I have the following dataframe:
> df <- data.frame(name = c("Bill","Sally","John","Lucy","Jake","Rob","Sarah"),
score1 = c(1,2,1,4,5,3,4),
score2 = c(4,2,3,2,1,3,NA),
score3 = c(3,4,1,4,NA,NA,NA),
score4 = c(4,3,4,NA,NA,NA,NA),
score5 = c(4,4,NA,NA,NA,NA,NA),
score6 = c(1,NA,NA,NA,NA,NA,NA))
> df
name score1 score2 score3 score4 score5 score6
1 Bill 1 4 3 4 4 1
2 Sally 2 2 4 3 4 NA
3 John 1 3 1 4 NA NA
4 Lucy 4 2 4 NA NA NA
5 Jake 5 1 NA NA NA NA
6 Rob 3 3 NA NA NA NA
7 Sarah 4 NA NA NA NA NA
I would like to create a column that is the mean of the scores, only for rows with at least 4 non-NA values.
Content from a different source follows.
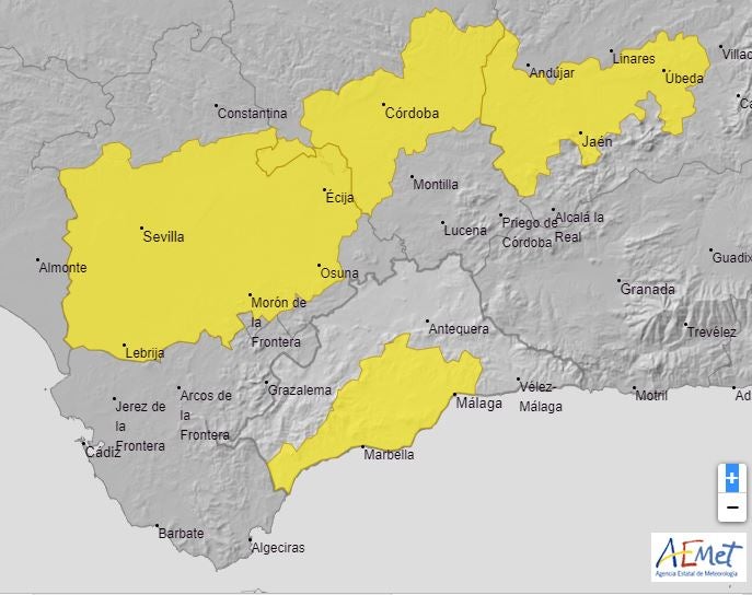 La aemet activa el aviso amarillo por altas temperaturas de 36 grados en Sol y Guadalhorce, y provincias de Sevilla, Córdoba y Jaén por 38 grados.

I would like to do this within dplyr and do so in a way that I specify the score columns (my df has 100 columns) rather than, say, excluding the name column. The output should be:
df
name score1 score2 score3 score4 score5 score6 avg_score
1 Bill 1 4 3 4 4 1 2.833
2 Sally 2 2 4 3 4 NA 3.000
3 John 1 3 1 4 NA NA 2.250
4 Lucy 4 2 4 NA NA NA NA
5 Jake 5 1 NA NA NA NA NA
6 Rob 3 3 NA NA NA NA NA
7 Sarah 4 NA NA NA NA NA NA
A bit more detail if it's helpful: I'm calculating single-item measures of factors composed of multiple Likert-type items in a survey. I only want to include people who completed a majority of the items (i.e., answered a majority of questions) within a given factor. I have tried nesting filter() within mutate() , using mutate() and case_when(), rowwise() and group_by(), and a variety of other approaches, none of which have been successful. Any help you can provide would be greatly appreciated!
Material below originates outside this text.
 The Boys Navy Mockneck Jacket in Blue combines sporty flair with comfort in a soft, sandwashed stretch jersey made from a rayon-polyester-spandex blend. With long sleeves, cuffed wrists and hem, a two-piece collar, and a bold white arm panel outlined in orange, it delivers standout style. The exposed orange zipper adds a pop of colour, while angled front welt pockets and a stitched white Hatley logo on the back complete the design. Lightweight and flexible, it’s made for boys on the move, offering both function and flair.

CodePudding user response:
library(dplyr)
df %>%
mutate(
row_not_na = rowSums(!is.na(across(starts_with("score")))),
row_mean = rowMeans(across(starts_with("score")), na.rm = TRUE),
result = ifelse(row_not_na >= 4, row_mean, NA)
)
# name score1 score2 score3 score4 score5 score6 row_not_na row_mean result
# 1 Bill 1 4 3 4 4 1 6 2.833333 2.833333
# 2 Sally 2 2 4 3 4 NA 5 3.000000 3.000000
# 3 John 1 3 1 4 NA NA 4 2.250000 2.250000
# 4 Lucy 4 2 4 NA NA NA 3 3.333333 NA
# 5 Jake 5 1 NA NA NA NA 2 3.000000 NA
# 6 Rob 3 3 NA NA NA NA 2 3.000000 NA
# 7 Sarah 4 NA NA NA NA NA 1 4.000000 NA
You could, of course, drop the row_not_na
and row_mean
columns, or use a long single ifelse()
line to not name them in the first place.